Love is a choice. Because I feel as if I keep dying, and I’m acutely aware of the fact that none of this is real — not really, anyways.
Because nothing’s really there. It’s just energy and position values — evolution somehow tricked us into thinking it was meaningful.
Without warning the world could become empty, and alone, and you could be crushed by the weight of nothingness. Your brain can just feel that way sometimes, for no real reason.

Maybe most people think this sounds insane, to which I say “you should try bartending”. Though apparently most people don’t uncontrollably dissociate if they serve drinks after eight p.m. — so again, what do I know?

None of this is real. There was never any point to any of this, and I am actually going to die one day. Not just this make believe version of passing on — I’ll really be gone one day, and so will everyone else too.
And I just want to be here with you. For these seconds we do have. To make it as real as I can, even if it never actually will be.

Nothing is real, and love is a choice.
I decided to be present for those moments I could. To be near people I care about.
I chose to take memories that don’t feel like mine and keep them close to my heart; hold them so tight they burn my hand. Let that heat bring me back to the world.

Nothing’s really real.
And still I won’t let go. I think that’s love, in the deepest sense. To ignore the silence that’s always threatening to crush us, and instead be here with each other. Even if we’re all just absentmindedly on our phones — not even saying anything as the evening takes hold of the living room, or our basement.

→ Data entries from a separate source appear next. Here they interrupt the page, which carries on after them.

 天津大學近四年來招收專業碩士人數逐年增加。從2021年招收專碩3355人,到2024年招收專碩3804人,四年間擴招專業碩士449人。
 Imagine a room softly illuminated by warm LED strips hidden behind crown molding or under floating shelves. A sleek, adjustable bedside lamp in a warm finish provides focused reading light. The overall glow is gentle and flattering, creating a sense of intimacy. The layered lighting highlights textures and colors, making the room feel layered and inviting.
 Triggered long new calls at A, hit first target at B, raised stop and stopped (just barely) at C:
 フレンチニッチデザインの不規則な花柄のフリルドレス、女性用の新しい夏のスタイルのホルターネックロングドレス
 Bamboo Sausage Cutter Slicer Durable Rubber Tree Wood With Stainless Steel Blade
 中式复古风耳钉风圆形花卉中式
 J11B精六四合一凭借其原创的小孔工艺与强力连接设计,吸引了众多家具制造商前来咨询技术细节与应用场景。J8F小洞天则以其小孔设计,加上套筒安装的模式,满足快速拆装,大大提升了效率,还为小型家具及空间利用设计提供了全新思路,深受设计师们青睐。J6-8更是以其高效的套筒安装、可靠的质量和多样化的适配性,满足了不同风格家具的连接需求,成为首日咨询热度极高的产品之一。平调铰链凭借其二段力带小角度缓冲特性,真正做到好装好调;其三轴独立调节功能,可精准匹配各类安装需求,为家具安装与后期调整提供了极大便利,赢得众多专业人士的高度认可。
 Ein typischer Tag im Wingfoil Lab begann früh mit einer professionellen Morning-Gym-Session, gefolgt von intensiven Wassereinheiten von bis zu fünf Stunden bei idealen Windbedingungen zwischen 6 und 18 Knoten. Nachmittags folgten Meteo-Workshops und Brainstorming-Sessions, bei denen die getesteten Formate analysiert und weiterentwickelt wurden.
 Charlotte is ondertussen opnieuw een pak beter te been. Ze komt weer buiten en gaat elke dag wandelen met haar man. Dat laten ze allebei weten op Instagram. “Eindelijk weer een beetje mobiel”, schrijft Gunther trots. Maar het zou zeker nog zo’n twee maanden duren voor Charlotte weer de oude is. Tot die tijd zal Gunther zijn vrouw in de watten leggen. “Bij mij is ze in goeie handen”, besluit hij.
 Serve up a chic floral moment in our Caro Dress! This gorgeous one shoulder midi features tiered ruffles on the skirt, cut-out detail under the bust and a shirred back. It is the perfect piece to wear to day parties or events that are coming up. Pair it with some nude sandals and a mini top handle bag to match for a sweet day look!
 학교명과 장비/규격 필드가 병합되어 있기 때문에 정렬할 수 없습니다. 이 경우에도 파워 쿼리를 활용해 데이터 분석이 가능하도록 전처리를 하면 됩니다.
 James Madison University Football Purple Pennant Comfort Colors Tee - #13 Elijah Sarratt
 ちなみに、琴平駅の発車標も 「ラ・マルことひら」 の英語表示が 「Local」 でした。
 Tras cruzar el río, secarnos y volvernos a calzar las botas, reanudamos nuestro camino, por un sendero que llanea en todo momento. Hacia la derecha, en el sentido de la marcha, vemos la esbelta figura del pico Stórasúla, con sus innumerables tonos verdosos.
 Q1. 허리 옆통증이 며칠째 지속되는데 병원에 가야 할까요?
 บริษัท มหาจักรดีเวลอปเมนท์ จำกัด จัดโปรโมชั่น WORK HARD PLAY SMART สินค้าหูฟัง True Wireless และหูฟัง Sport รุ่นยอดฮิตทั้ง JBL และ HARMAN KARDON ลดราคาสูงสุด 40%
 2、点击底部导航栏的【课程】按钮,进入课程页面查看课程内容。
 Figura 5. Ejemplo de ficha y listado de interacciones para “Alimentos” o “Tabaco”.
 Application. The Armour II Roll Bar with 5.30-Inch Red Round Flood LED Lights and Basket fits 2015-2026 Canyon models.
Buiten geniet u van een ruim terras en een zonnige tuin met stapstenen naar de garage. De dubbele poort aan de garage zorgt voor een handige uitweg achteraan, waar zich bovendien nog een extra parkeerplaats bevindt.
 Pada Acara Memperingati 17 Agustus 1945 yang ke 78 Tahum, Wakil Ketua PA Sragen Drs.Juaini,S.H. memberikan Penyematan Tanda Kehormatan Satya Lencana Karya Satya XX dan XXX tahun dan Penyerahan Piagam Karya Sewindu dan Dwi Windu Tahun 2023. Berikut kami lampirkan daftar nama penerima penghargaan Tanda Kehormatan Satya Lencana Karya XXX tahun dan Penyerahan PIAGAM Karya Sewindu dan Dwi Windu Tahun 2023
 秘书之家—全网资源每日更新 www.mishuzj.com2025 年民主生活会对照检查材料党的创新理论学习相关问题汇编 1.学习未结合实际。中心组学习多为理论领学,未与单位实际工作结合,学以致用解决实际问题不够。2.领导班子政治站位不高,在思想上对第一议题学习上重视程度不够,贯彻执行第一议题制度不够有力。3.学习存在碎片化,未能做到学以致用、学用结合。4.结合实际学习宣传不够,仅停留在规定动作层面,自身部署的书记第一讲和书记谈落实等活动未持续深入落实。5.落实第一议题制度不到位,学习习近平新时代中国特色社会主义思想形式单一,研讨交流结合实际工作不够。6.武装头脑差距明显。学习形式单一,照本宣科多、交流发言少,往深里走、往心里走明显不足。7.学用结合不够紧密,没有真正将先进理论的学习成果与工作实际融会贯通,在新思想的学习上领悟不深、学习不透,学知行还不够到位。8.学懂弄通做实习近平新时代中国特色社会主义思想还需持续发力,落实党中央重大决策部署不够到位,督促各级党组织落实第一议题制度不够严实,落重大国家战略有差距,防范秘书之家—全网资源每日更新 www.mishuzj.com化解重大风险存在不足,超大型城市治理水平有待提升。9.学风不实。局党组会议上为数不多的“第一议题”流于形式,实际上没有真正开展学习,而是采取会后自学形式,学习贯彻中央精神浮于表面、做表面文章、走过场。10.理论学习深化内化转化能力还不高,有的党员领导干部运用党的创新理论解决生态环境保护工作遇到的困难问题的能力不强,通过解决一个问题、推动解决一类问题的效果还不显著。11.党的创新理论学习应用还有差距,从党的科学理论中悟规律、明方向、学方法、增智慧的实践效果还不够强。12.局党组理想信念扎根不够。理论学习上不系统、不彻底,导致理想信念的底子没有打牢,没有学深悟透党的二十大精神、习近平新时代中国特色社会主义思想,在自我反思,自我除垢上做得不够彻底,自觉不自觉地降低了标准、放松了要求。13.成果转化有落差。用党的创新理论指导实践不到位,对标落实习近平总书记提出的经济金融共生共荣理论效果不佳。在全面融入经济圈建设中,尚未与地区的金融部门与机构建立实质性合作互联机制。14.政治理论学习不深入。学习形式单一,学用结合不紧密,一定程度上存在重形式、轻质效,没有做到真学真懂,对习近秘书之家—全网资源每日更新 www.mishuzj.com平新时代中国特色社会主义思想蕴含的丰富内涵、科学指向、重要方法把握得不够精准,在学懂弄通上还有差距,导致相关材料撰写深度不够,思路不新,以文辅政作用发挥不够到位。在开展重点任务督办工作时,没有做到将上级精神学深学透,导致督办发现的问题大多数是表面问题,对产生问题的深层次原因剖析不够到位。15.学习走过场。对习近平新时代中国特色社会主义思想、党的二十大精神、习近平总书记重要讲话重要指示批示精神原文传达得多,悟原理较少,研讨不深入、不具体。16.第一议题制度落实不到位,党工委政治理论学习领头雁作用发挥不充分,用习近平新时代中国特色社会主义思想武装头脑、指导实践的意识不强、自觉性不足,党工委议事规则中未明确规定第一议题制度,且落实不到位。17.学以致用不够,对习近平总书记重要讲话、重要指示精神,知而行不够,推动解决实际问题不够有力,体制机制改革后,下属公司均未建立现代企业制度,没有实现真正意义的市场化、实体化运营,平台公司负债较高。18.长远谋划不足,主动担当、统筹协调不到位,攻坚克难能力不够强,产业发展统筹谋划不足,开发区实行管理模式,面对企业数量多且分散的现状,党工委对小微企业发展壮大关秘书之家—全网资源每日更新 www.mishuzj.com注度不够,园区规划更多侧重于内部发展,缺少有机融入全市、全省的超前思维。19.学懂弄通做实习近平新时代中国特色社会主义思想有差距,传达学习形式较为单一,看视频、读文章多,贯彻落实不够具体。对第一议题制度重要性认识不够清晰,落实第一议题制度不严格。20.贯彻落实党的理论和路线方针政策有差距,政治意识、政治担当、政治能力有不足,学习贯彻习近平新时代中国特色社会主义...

We choose to make all the meaning that exists, just by letting ourselves live, or by deciding not to die. Some say that’s the only actual question within philosophy — though others would say that’s really more of a myth.

Nothing is real, and nothing had to mean anything. So it’s especially special to me that I chose to let these people be meaningful — and I’m not sure how to communicate that to them, outside simply being present.
Because I could have chosen to be alone instead. It would have been easy, the water pressure is always there, in case I wanted it.
But I don’t want that. I just want time — here with you.

Once upon a time… someone asked me what the meaning of life is. There isn’t a real answer, not really; instead we get to choose one — if we want to. Because the world is chaotic. Just atoms, and the space between them. And every chance I get I like to say that, and maybe that’s because every chance it gets my brain forces me to feel the weight of that truth. Or maybe I just like using vaguely scientific terms to sound vaguely poetic — who knows. But nothing is really real, and there isn’t an answer to any of our grand meaning making questions. Yet, still, I have found my own — and I like to hold it against my chest, or cupped in my hands, and allow the warmth of it to evaporate some of the silence’s weight. For me, what is meaningful is connection — love and friendship — and for me the core of such experiences are based in-
Presence

Sometimes I get into a weird mood and it all feels this way, anyways.